On the mule side, this is less about lap times and more about correlation. Engineers will be poring over tyre temperatures, ride heights and aero balance, asking whether a season’s worth of 2026 CFD and simulator work actually survives contact with reality. Pirelli has even imposed a roughly 290–300 km/h speed cap on the straights to avoid over‑loading the narrower tyres, with extra DRS use to imitate straight‑line “low‑drag mode”. “We decided to avoid overloading the tyres on the straights… so, if you look at the laptime, it’s probably not fully representative. But it’s consistent,” explains Pirelli motorsport boss Mario Isola. That consistency is gold dust for teams trying to choose their 2026 setup philosophies before a single new‑regulation chassis turns a wheel. For the rookies, the brief is different but no less intense. This is the longest continuous run most of them will have had in an F1 car: full fuel, live pit stops, tyre changes from green track to night‑time grip. For Hadjar, Antonelli and Lindblad in particular, it’s an audition for 2026 race seats; for O’Ward, Bortoleto, Beganovic and company, it’s a chance to show they can manage tyres, traffic and feedback like hardened pros rather than desperate juniors. By the time the Yas Marina lights finally flicker out on Tuesday evening, no trophies will be handed out and no points will be scored. But buried in terabytes of tyre data and driver debriefs will be the first clues to F1’s next era – who has guessed the 2026 rulebook correctly, which rookies look ready to step up, and which giants may be about to stumble. The season may be over, but the race to 2026 starts here.

Key Facts

  • The Abu Dhabi post‑season test runs on Tuesday from 09:00 to 18:00, with each team fielding two cars.

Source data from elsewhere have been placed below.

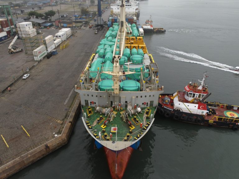 Com a chegada do navio ao Brasil, agora o trem será preparado para o transporte até a capital paulista
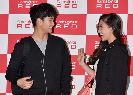김수현과 안젤라 베이비는 13일 오후 서울 강남구 논현동 플래툰 쿤스트할레에서 열린 '쌤소나이트 레드' 2014 S/S 프레젠테이션에 참석했다.
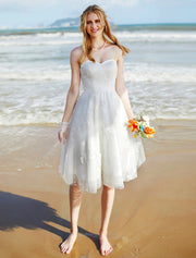 Hall Boho Wedding Dresses A-Line Sweetheart Strapless Knee Length Lace Bridal Gowns With Lace
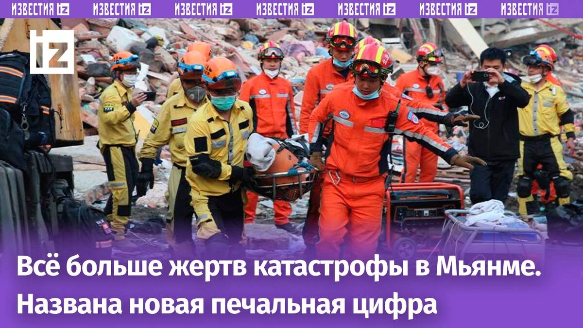 Число жертв землетрясения в Мьянме достигло 2719. Об этом 1 апреля сообщило издание China News со ссылкой на Центральное телевидение Китая (CCTV). Также отмечается, что более 4,5 тыс. человек пострадали, и свыше 400 считаются пропавшими без вести. При этом в CCTV добавили, что количество погибших может увеличится. 28 марта в азиатской республике были зафиксированы два землетрясения магнитудой 7,7 и 6,4. Эпицентр одного из них находился в 31 км северо-западнее города Мандалай. На следующий день в Мьянму прибыло более 100 российских спасателей для оказания помощи пострадавшему населению. Так, в городе Мандалай сотрудники МЧС РФ вместе с коллегами из Китая вытащили из-под завалов женщину, которая пролежала там более двух суток.
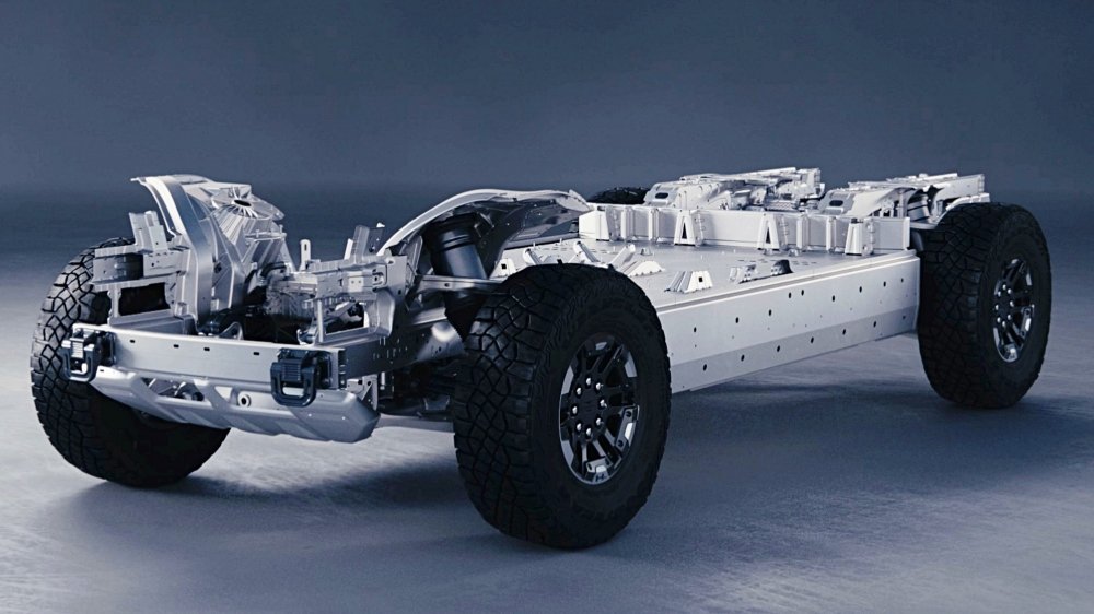 В течение суток после премьеры GM выпустила несколько дополнительных пресс-релизов, посвящённых техническим особенностям GMC Hummer EV, которыми мы и хотим с вами поделиться. В основе пикапа лежит представленная ещё весной модульная электромобильная платформа, на которой GM создаст десятки разнообразных моделей (в том числе большой кроссовер Cadillac Lyriq). Разработанная совместно с LG Chem 800-вольтовая литий-ионная батарея Ultium с низким содержанием кобальта (это позволяет уменьшить цену) вмонтирована в раму. Обратите внимание на внушительную высоту лонжеронов — на весенней презентации платформы батареи были более компактными. Максимальная мощность зарядки батареи — 350 кВт. На такой мощности пополнить запас хода на 100 миль (161 км) можно всего за 10 минут. Ёмкость батареи GM не раскрывает. Сверху и снизу батарея защищена прочными металлическими листами, которые попутно увеличивают жёсткость рамы на кручение.
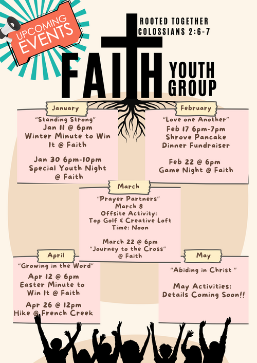 Faith's Youth Ministry includes Weekly Bible Study and bi-weekly youth nights for 6-12th grade students.

  • One ‘mule’ car per team runs Pirelli’s narrower 2026 tyres, while a second 2025 chassis is reserved for the mandatory young‑driver test.

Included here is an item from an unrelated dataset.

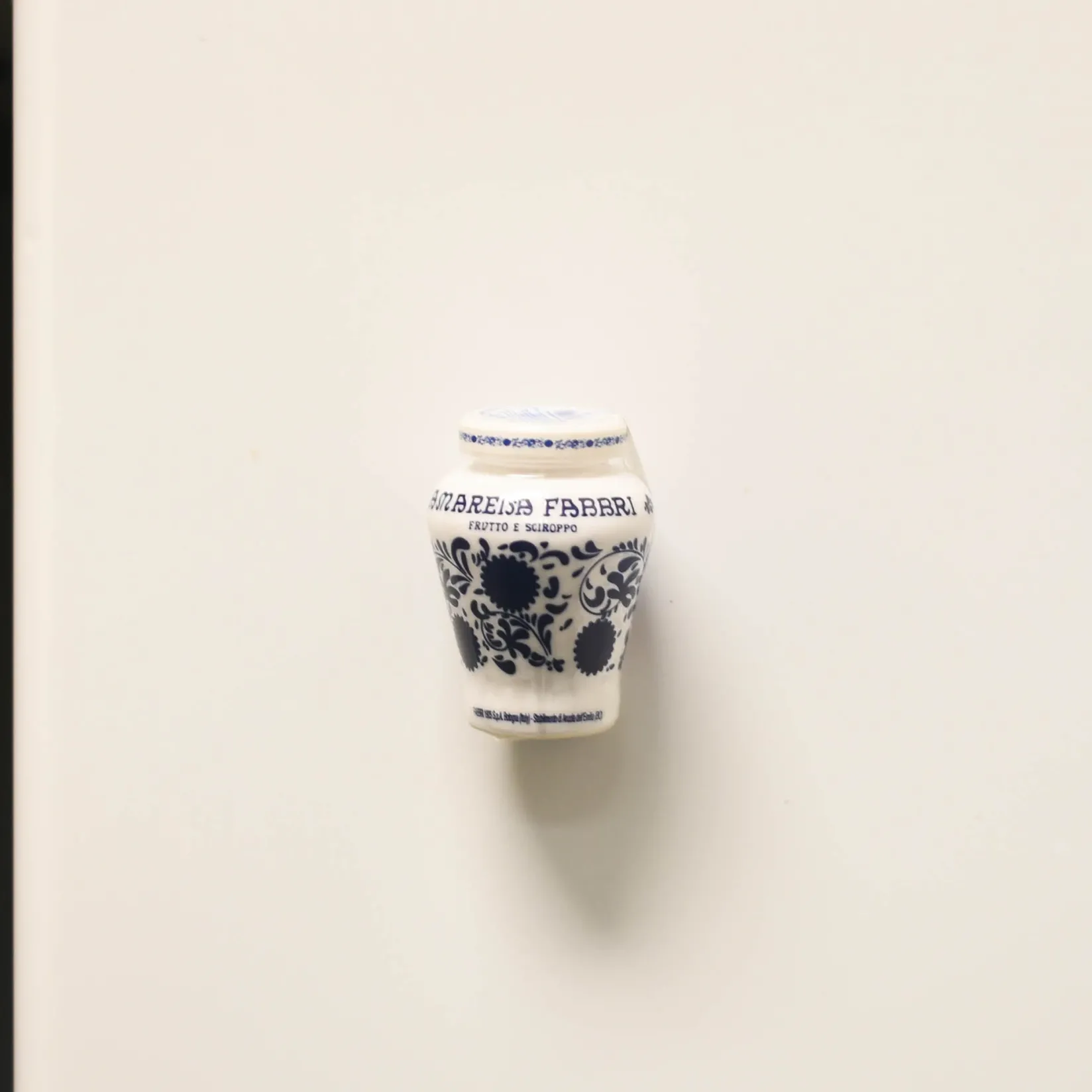 The Fabbri Amarena cherries magnet is a fun piece of kitchen decor for foodies with a sweet tooth. It’s decorated to look like the blue and white ceramic jars that Fabbri fills with their famous Amarena cherries. This pretty magnet will bring la dolce vita to your fridge or any other magnetic surface.

  • Headline pairings include Norris/Piastri with O’Ward at McLaren, Leclerc/Hamilton with Beganovic at Ferrari, and Antonelli/Vesti for Mercedes.
  • Pirelli brings C2–C5 compounds for the mule cars (no C1 or full wets) and uses speed‑limited straights plus extra DRS to mimic 2026 active aero.
  • Rookies such as Hadjar, Lindblad, Maini, Bortoleto and Browning gain rare full‑day mileage as teams assess candidates for future race seats.